Tomorrow, October 20, at 2 p.m., Living Downstream, the film based on Sandra Steingraber’s stunning book of the same name–will show at Lincoln Center’s Elinor Bunin Monroe Film Center in New York City. It will have its broadcast premiere in November on Outside Television.

Living Downstream follows in the tradition of Rachel Carson’s groundbreaking Silent Spring. Indeed, Steingraber has been dubbed by many as a modern-day “Rachel Carson.”

First published in 1997, Living Downstream fell into my hands about 10 years ago, only a few years after my own cancer diagnosis and loss of both parents to cancer. At that time I suspected that the cancer in my life and all around me had something to do with our poisoned environment. Steingraber’s book answered my questions about the connections between pollution and cancer and opened up a new world of understanding.

Living Downstream ultimately led me down a new path both personally and professionally, inspiring my transformation from an English professor specializing in British 18th century literature to an ecofeminist writer, activist and professor.

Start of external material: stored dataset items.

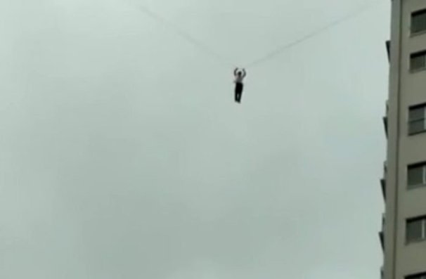 Međutim, precijenio je svoje akrobatske mogućnosti. Na snimci se vidi kako visi s visine od 60 metara i jedva se drži za kabel. Na sreću, policija je uz pomoć vatrogasaca uspjela reagirati na vrijeme.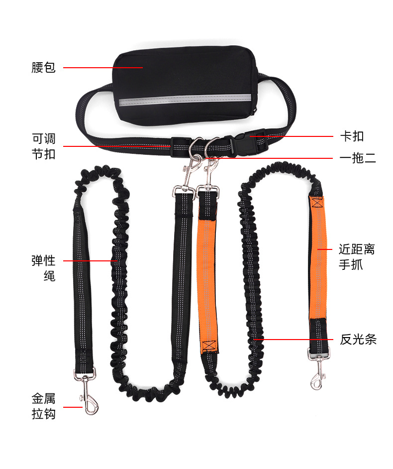 양방향 견인 로프, 1-2개의 달리기 개 산책 로프, 폭발 방지 개 로프, 대형견 애완동물 견인 로프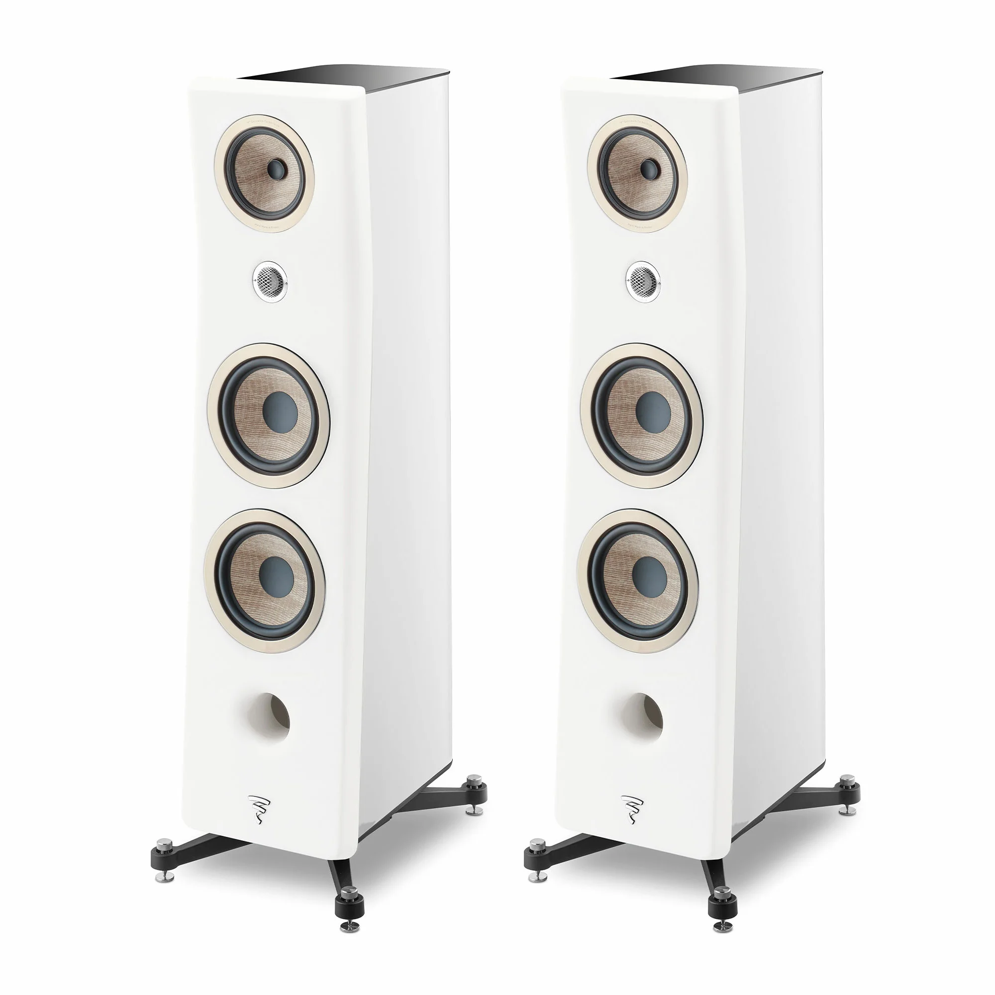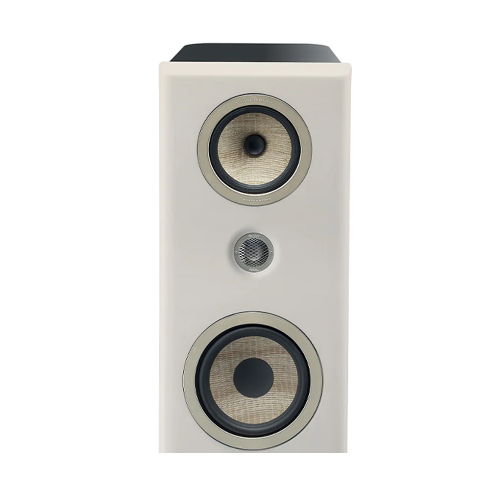 Focal engineers have redesigned the "Focus Time" technology, which corrects the positioning of the drivers, placing them at an equal distance from the listener. The body is made from a single piece of wood. The Zamac base is also crucial. Thanks to the spikes and the stands underneath them, the base provides excellent stability with very little footprint. Final details include a glass top and grills with magnetic fastening. When removed, you can enjoy the natural uniqueness of each Flax cone driver - a final design touch that gives the Kanta series its unique look.
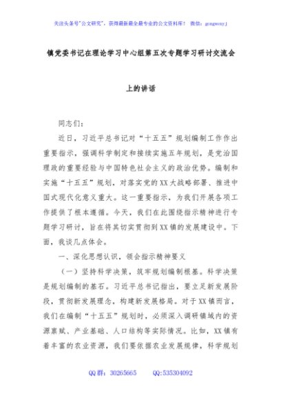 / 镇党委书记在理论学习中心组第五次专题学习研讨交流会上的讲话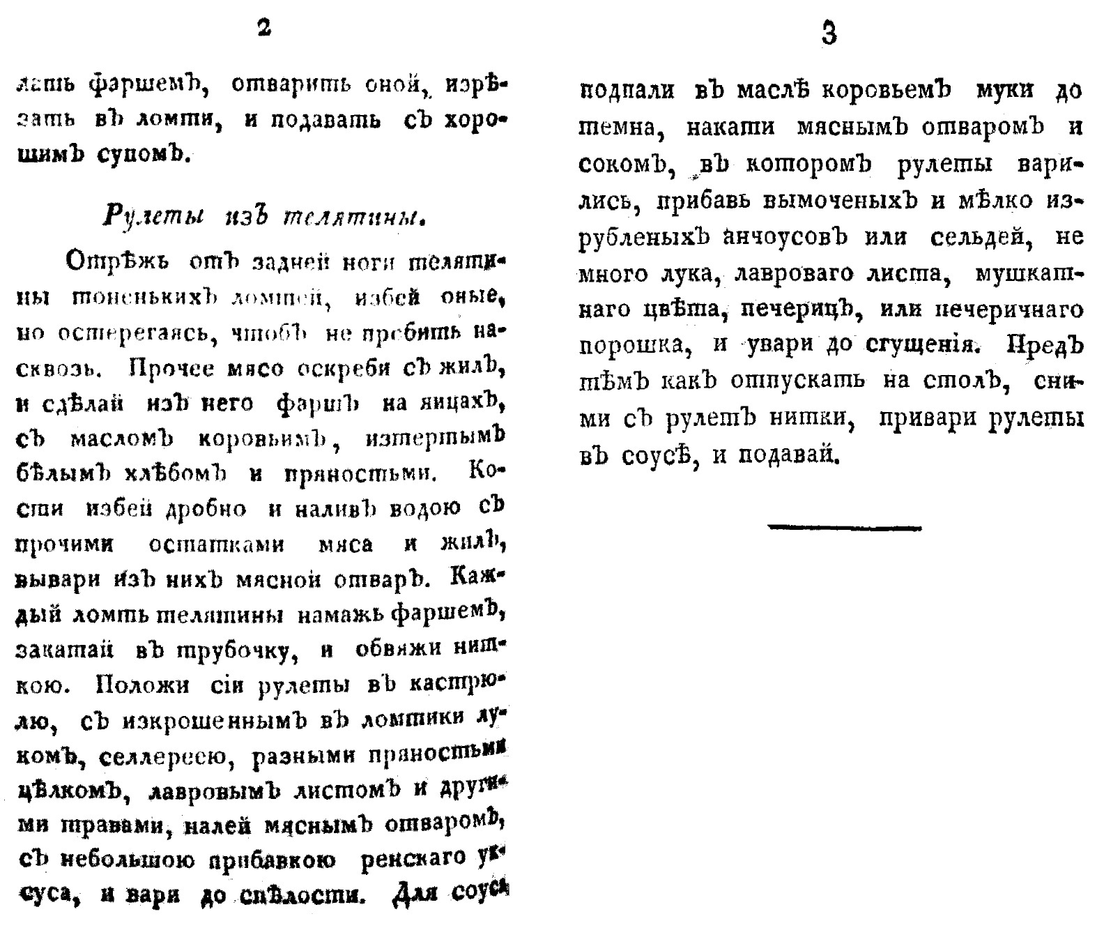 "Отрежь от задней ноги телятины тоненьких ломтей, отбей их, но остерегись, чтобы не пробить насквозь. Прочее мясо соскреби с жил и сделай из него фарш на яйцах, со сливочным маслом, истертым белым хлебом (имеются в виду сухари скорее всего или хлебные крошки) и пряностями. Кости поруби на куски и залей водою с прочими остатками мяса и жил, вывари из этого всего мясной отвар. Каждый отбитый ломоть телятины намажь фаршем, скатай в трубочку, и обвяжи ниткой. Положи эти рулетики в кастрюлю с покрошенным ломтиками луком, сельдереем, разными пряностями целиком, лавровым листом и другими травами, залей мясным отваром с небольшой добавкой винного уксуса, и вари до готовности.

Now I teach Steingraber’s work every semester in my college courses. Not only is the research groundbreaking and impeccable, but her beautiful prose makes otherwise tedious data accessible to lay people. By bringing personal story of cancer into the mix, Steingraber turns scientific facts about pollution and disease into something everyone can relate to.

Recently, I spoke to Steingraber and I asked her what she most wanted to accomplish in the film and book.

She said she wanted to achieve two things.

First, “I wanted to tell the story of  how chemical pollutants are playing an under-represented role in the story of cancer.”

Second, “I wanted to show how the ‘happy’ story of even a long-term cancer survivor like me is not necessarily a story of triumphalism.  Cancer is not a gift. It’s a massive waste of time. It triggers post-traumatic stress syndrome.”

In Living Downstream, the book, Sandra goes back and forth between scientific data linking toxins to cancer and her own personal cancer story. The film focuses mainly on the personal, so for those less interested in scientific data it’s a bit easier to absorb. The film is visually beautiful, too, taking the viewer into the daily life of the biologist and cancer survivor. We see where Steingraber grew up in Illinois, we see her in her home in upstate New York, we see her cooking and eating with her family, putting her children on the school bus, talking to her husband and running.  t’s an intimate portrayal.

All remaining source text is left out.